- Data records -
********************
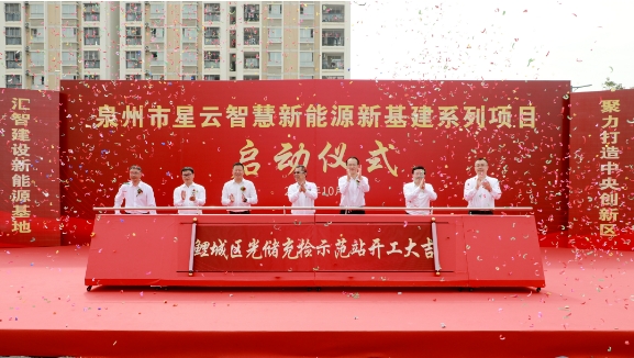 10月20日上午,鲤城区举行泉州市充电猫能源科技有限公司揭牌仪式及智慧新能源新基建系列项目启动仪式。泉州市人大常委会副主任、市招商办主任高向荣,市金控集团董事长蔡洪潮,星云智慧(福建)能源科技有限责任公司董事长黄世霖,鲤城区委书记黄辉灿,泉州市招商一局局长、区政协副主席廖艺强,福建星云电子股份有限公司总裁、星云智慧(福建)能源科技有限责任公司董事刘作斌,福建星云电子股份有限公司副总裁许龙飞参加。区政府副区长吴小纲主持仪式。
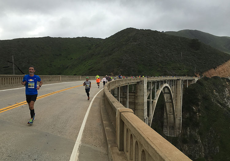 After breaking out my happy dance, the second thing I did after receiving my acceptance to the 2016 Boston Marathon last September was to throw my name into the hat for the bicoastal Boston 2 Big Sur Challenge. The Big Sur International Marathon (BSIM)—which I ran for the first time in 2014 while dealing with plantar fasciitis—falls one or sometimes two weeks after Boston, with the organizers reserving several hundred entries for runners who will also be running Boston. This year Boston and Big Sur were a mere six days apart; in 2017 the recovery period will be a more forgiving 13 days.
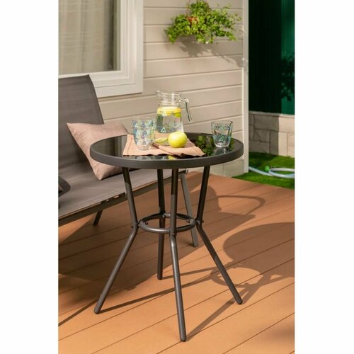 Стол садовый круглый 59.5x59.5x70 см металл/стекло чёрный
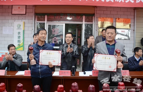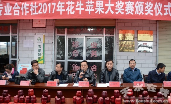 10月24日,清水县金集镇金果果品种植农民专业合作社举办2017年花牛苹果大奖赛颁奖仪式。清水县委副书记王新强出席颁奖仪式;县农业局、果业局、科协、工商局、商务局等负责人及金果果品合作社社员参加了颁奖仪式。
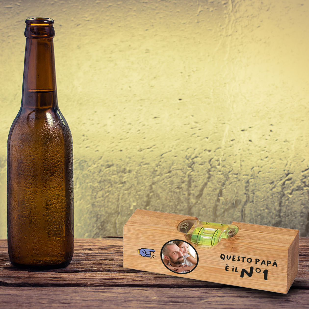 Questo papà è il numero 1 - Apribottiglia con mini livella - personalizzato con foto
********************
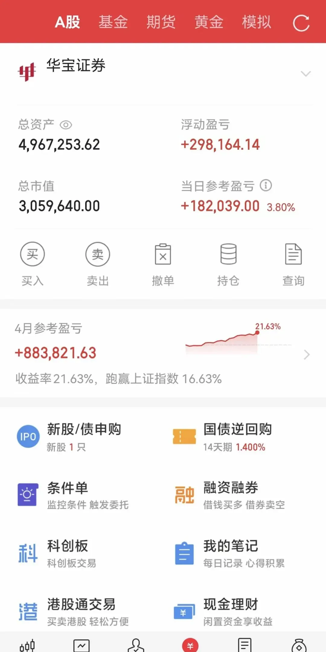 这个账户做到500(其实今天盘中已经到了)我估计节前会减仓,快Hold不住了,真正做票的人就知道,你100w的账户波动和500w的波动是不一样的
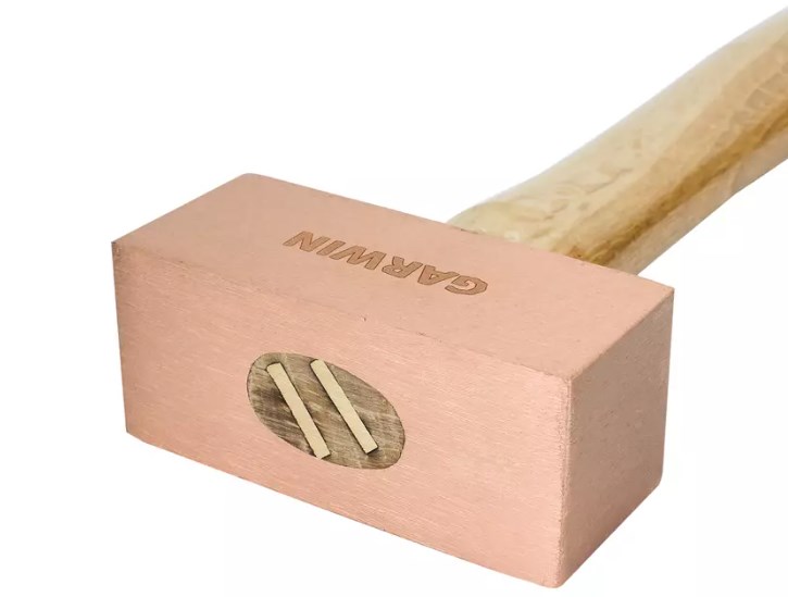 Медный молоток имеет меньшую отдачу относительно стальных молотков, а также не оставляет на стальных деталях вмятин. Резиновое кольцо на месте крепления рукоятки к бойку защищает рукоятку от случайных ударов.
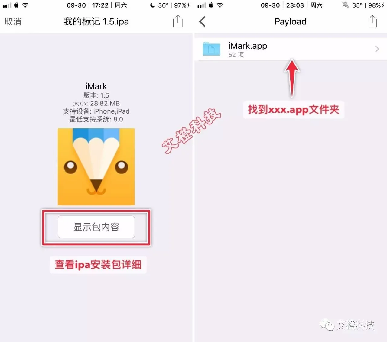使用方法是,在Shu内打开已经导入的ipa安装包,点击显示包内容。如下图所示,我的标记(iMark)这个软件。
********************
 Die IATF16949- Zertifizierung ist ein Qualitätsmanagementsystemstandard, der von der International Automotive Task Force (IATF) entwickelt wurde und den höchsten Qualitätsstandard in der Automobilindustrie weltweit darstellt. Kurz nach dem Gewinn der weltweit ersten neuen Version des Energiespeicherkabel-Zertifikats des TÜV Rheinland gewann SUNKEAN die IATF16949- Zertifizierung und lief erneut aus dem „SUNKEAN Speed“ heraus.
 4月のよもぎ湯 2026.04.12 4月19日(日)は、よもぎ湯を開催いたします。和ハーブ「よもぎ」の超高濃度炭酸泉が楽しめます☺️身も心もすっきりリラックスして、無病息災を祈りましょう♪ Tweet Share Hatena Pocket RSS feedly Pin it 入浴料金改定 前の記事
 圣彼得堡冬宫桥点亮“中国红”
********************
- Problem to work on -
Range to copy from the listing above: the line with "10月20日上午,鲤城区举行" through the line with "Questo papà è". Transcribe it exactly and skip the pictures.

- Written response -
 10月20日上午,鲤城区举行泉州市充电猫能源科技有限公司揭牌仪式及智慧新能源新基建系列项目启动仪式。泉州市人大常委会副主任、市招商办主任高向荣,市金控集团董事长蔡洪潮,星云智慧(福建)能源科技有限责任公司董事长黄世霖,鲤城区委书记黄辉灿,泉州市招商一局局长、区政协副主席廖艺强,福建星云电子股份有限公司总裁、星云智慧(福建)能源科技有限责任公司董事刘作斌,福建星云电子股份有限公司副总裁许龙飞参加。区政府副区长吴小纲主持仪式。
 After breaking out my happy dance, the second thing I did after receiving my acceptance to the 2016 Boston Marathon last September was to throw my name into the hat for the bicoastal Boston 2 Big Sur Challenge. The Big Sur International Marathon (BSIM)—which I ran for the first time in 2014 while dealing with plantar fasciitis—falls one or sometimes two weeks after Boston, with the organizers reserving several hundred entries for runners who will also be running Boston. This year Boston and Big Sur were a mere six days apart; in 2017 the recovery period will be a more forgiving 13 days.
 Стол садовый круглый 59.5x59.5x70 см металл/стекло чёрный
 10月24日,清水县金集镇金果果品种植农民专业合作社举办2017年花牛苹果大奖赛颁奖仪式。清水县委副书记王新强出席颁奖仪式;县农业局、果业局、科协、工商局、商务局等负责人及金果果品合作社社员参加了颁奖仪式。
 Questo papà è il numero 1 - Apribottiglia con mini livella - personalizzato con foto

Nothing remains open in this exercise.